## TASK GOAL
Reproduce the following data exactly, minus any images.

## GIVEN RECORDS
+===+
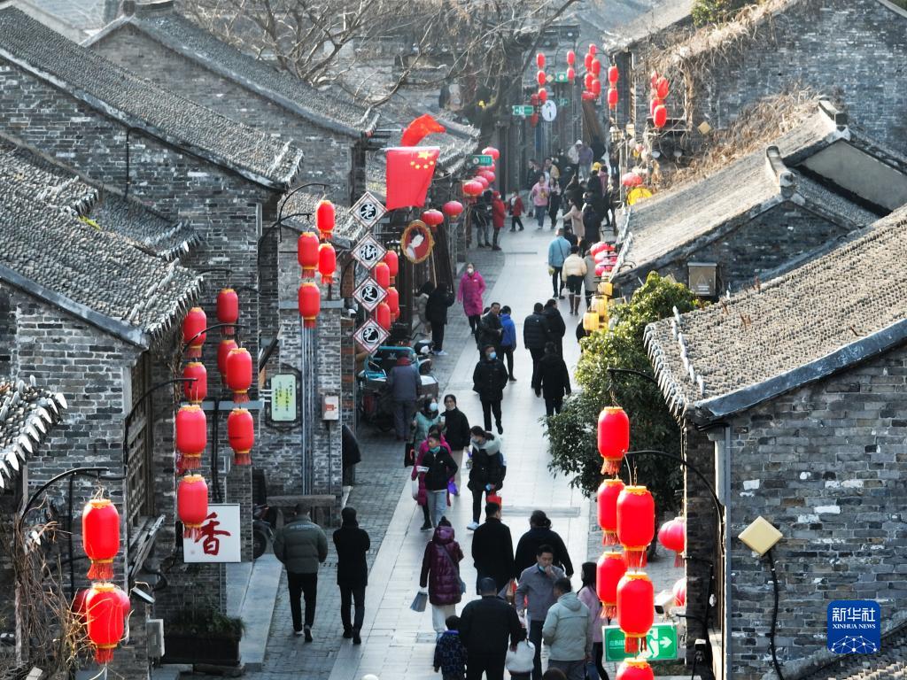 1月18日,游客在江蘇省揚州市東關(guān)街游覽(無(wú)人機照片)。
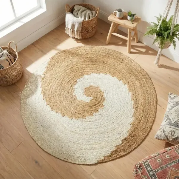 Introduce refined texture and visual intrigue into your home with this Jute Two-Tone Spiral Pattern Round Mat. Carefully handwoven from 100% natural jute, its intertwined spiral design creates a sculptural focal point that adds depth and movement to any room.
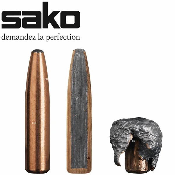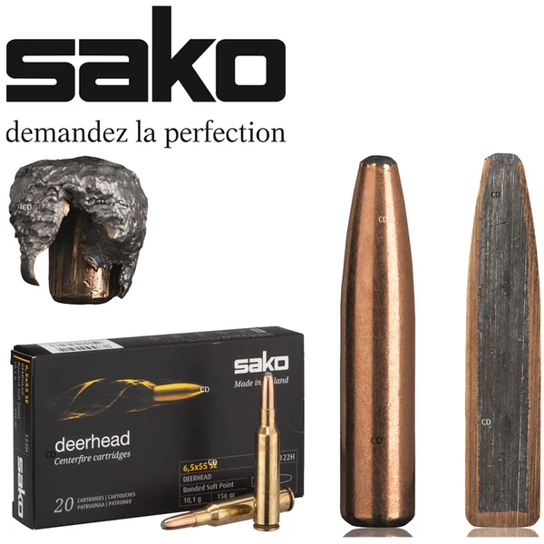 Deerhead est une balle conçue pour accepter une déformation extrême sans séparation de la chemise du noyau de plomb, de marque Sako.
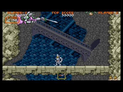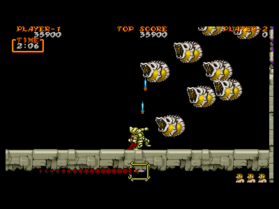 | フライングゴブリン:生息地 3、5面(100点) 画面の上方から現れ、トリッキーな動きでプレイヤーに突進を仕掛けてきたり、その両足で挟んでいる石を落として攻撃してきます。 一匹一匹は大したことはないのですが、集団で攻めてきたときの嫌らしさは相当なものです。さらに、他の敵に気を取られている間等に降ってくる石が避けられないなどもしばしば見られます。 障害になりそう(自分の上に居る状態)な時は、優先的に倒すようにしましょう。耐久度は、一発です。 |
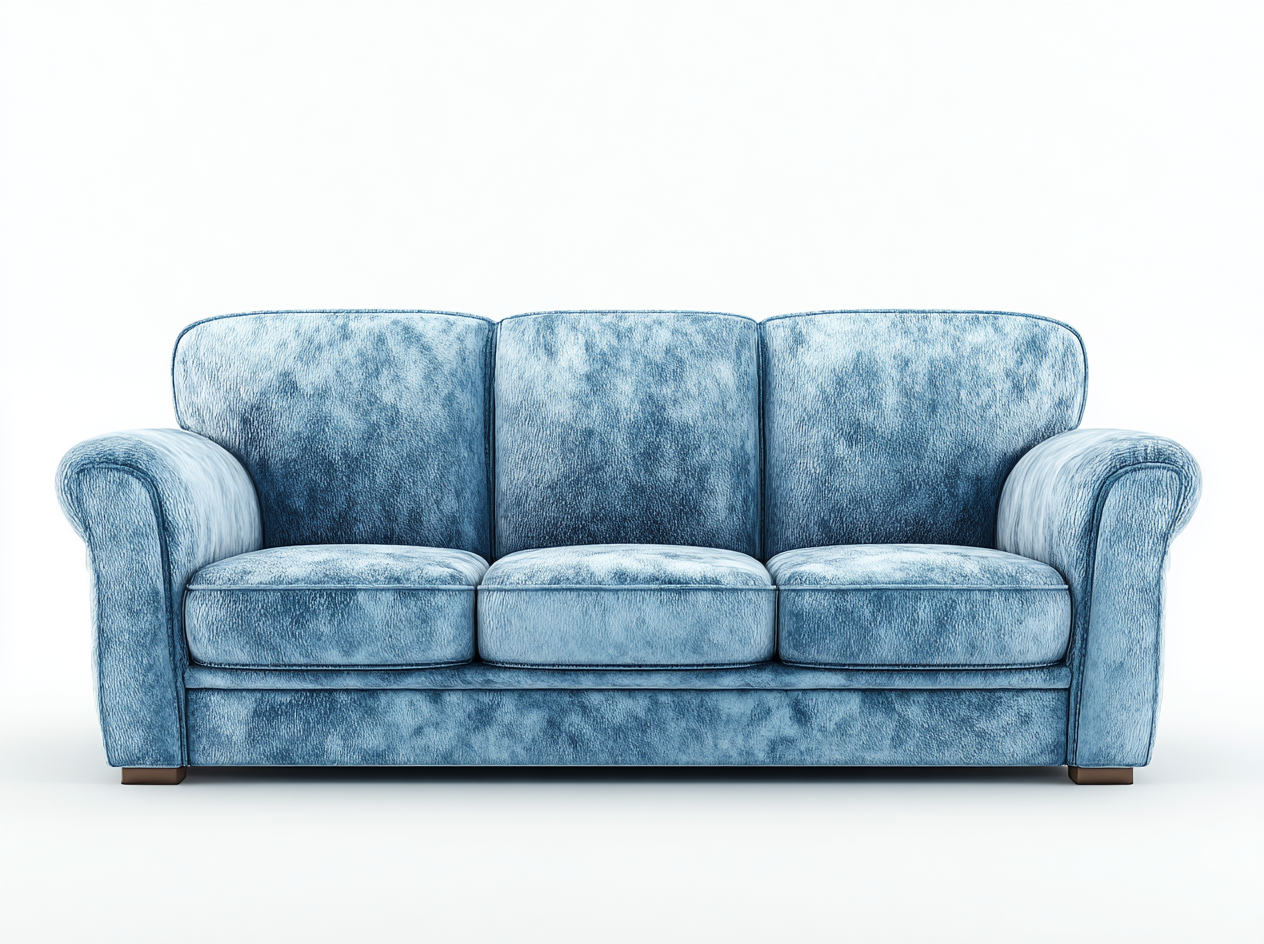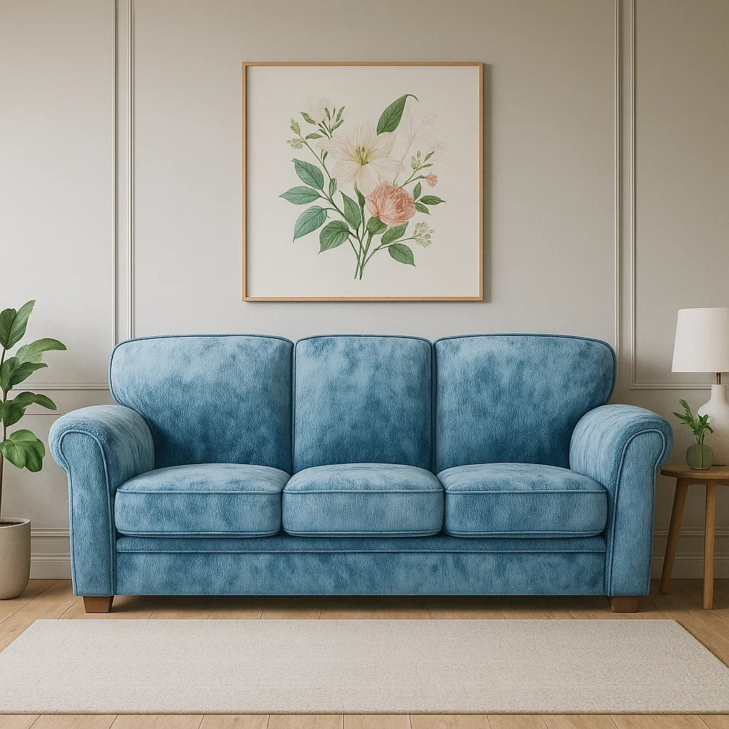 Sofá de 3 Plazas Clásico en Tela Azul Claro con Brazos Redondeados
+===+
## EXERCISE RESPONSE
 1月18日,游客在江蘇省揚州市東關(guān)街游覽(無(wú)人機照片)。
 Introduce refined texture and visual intrigue into your home with this Jute Two-Tone Spiral Pattern Round Mat. Carefully handwoven from 100% natural jute, its intertwined spiral design creates a sculptural focal point that adds depth and movement to any room.
 Deerhead est une balle conçue pour accepter une déformation extrême sans séparation de la chemise du noyau de plomb, de marque Sako.
 | フライングゴブリン:生息地 3、5面(100点) 画面の上方から現れ、トリッキーな動きでプレイヤーに突進を仕掛けてきたり、その両足で挟んでいる石を落として攻撃してきます。 一匹一匹は大したことはないのですが、集団で攻めてきたときの嫌らしさは相当なものです。さらに、他の敵に気を取られている間等に降ってくる石が避けられないなどもしばしば見られます。 障害になりそう(自分の上に居る状態)な時は、優先的に倒すようにしましょう。耐久度は、一発です。 |
 Sofá de 3 Plazas Clásico en Tela Azul Claro con Brazos Redondeados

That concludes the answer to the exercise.